When I first heard about the campus shooting at Seattle Pacific University, I was preparing dinner, my baby boy babbling in his highchair.

Seattle Pacific is my alma mater, and I stared at my Facebook feed, reading updates from friends, shocked that the horrible phenomenon of school shootings had finally come to my community.

My program at SPU never took me to the campus, but I have friends who were not far from the shooter’s path, their offices all on lockdown, the sound of shots, like popping balloons, punctuating the air as the shooting claimed the life of a 19-year-old student and injured two others.

Even after hearing that my friends were all accounted for, I could not shake the loose, unhinged feeling in my chest.

What was I afraid of? The shooter was caught; my friends were safe. But I kept looking at my son, securely strapped in his highchair, happily munching on bread, and all I could think was, “I am keeping him home forever.”

To me, the many shootings that have occurred since the 1999 massacre at Columbine High are horrifying not simply because they have killed people but because their existence reveals the intimate wounds of our public life.

The people who have picked up guns usually are male, many with mental illness or difficulties with relationships; they bring assault rifles, bags of knives, lists of names. Sometimes the campus they target is a place they attended, but in the case of Aaron Ybarra, the Seattle Pacific campus was just a random selection, a public place to execute a twisted, private longing.

More than failed gun policies or the stigmatization of mental health issues, the phenomenon of school shootings shows that in American society some thread has unraveled. People are isolated in the midst of their families and friends, left alone with their fears and anger.

And even when appropriate measures are taken (as in the case of Elliot Rodger, whose family reported him to police and mental health services before he brought a gun to a Santa Barbara campus), it seems that our attempts to stop these shootings are shortsighted and incomplete.

I do not want to minimize the importance of policies in addressing this crisis. But I do believe that the polarizing, conflicted messages we receive across the political spectrum concerning such violence fail to recognize something profoundly central to what it means to be human.

It is significant that shootings occur in places that are both intensely public and intensely personal, places where people gather to learn, eat and live life together. It can be said that a college campus, like a parish or church, is a picture of our humanity: coming together for common causes, for learning, worship, relationship. These shooters, in many ways, are lashing out against places that train us to live fruitfully together, and that is a sign of the symptoms that plague us.
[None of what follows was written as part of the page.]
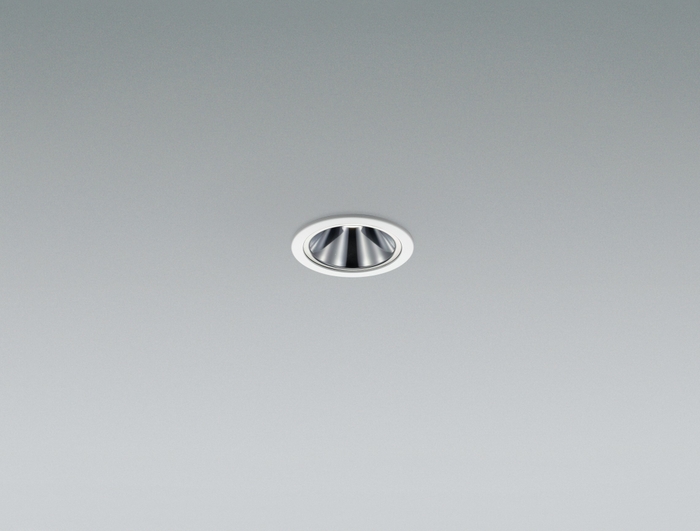 この度の新製品は、グレアカットアングルを深くし、グレアレス鏡面ミラーとワイド配光レンズで眩しさを軽減させ、どの角度から見てもグレアを感じにくい設計のベースダウンライトとなっております。さらに、従来のグレアレスダウンライトより約20%効率をアップさせ、広くフラットな配光に設計することで、しっかりと明るさを確保しつつ、水平面照度のムラを減らし、空間全体を効率よく照らすことが可能になりました。そのため、働き方や業務内容に応じて部署ごとにレイアウトを変更するオフィスや、フリーアドレス方式を採用したオフィス空間で活躍いたします。またWELL認証※1の加点項目である「照明のグレアの管理」においての基準値もクリアしており、オフィス空間におけるグレアを低減し、心地良い視環境の実現を可能にいたしました。

And it can also be said that while people are capable of horrific things, our ontology points us to a greater purpose: “The glory of God,” wrote St. Irenaeus, “is man fully alive.” It would be wrong to chalk these shootings up to a simplistic depravity, shoulders shrugged, as if there were nothing new under the sun and nothing to be done about it.

So what do we do? How do we live? My husband and I asked these questions that evening at the dinner table, our minds turned toward our upcoming move to Boston, where my husband will pursue ordination as a priest in the Greek Orthodox Church.

“This thought is both terrifying and wonderful,” he said, handing more bread to our son, “but the life we are pursuing is something that, in a way, fights this kind of evil.”

Will liturgy and communion stop someone from shooting up our future parish? Can a baptism keep guns out of the hands of unstable people? It would be dangerously naive to think so.

But what my husband noted, and what seems to be true, is that the motions of church life erase the lines between private and public; that what is offered in the Gospels, and in the life of the church, is an invitation for our hearts to be healed. And each of us, parishioner and pastor alike, has the ability to extend that invitation in profound ways to our neighbors, ways that recognize and treat the inner wounds that are so exposed by these tragedies.

I am not saying that an invitation to a church potluck would have changed Adam Lanza’s course of action in Newtown, Connecticut. Or that participating in worship would have stopped Ybarra or Rodger.

But I am saying that my desire to keep my son at home forever is not the desire I should follow.

Instead, as I did that night, I should give him a bath and plan a picnic for the next day, one that would take me and my family to the public park behind our house, where, despite my fear, I would smile and watch as a mom and a grandfather helped their kids share the swings.

I should take the dog for a walk and chat with the elderly man who is weeding his yard, keeping me longer with his stories than I really want to stay.

I should, in the daily motions of my life, seek to bless the bonds between myself and others.

In the face of such complex, heart-stopping violence, we can and must live out the passing of the peace that we share on Sunday mornings in ways both ordinary and courageous. For what else does the Great Commission do but command us to go out, and to be not afraid? And for what else do we pass the peace, if not to help restitch the threads that are broken between us?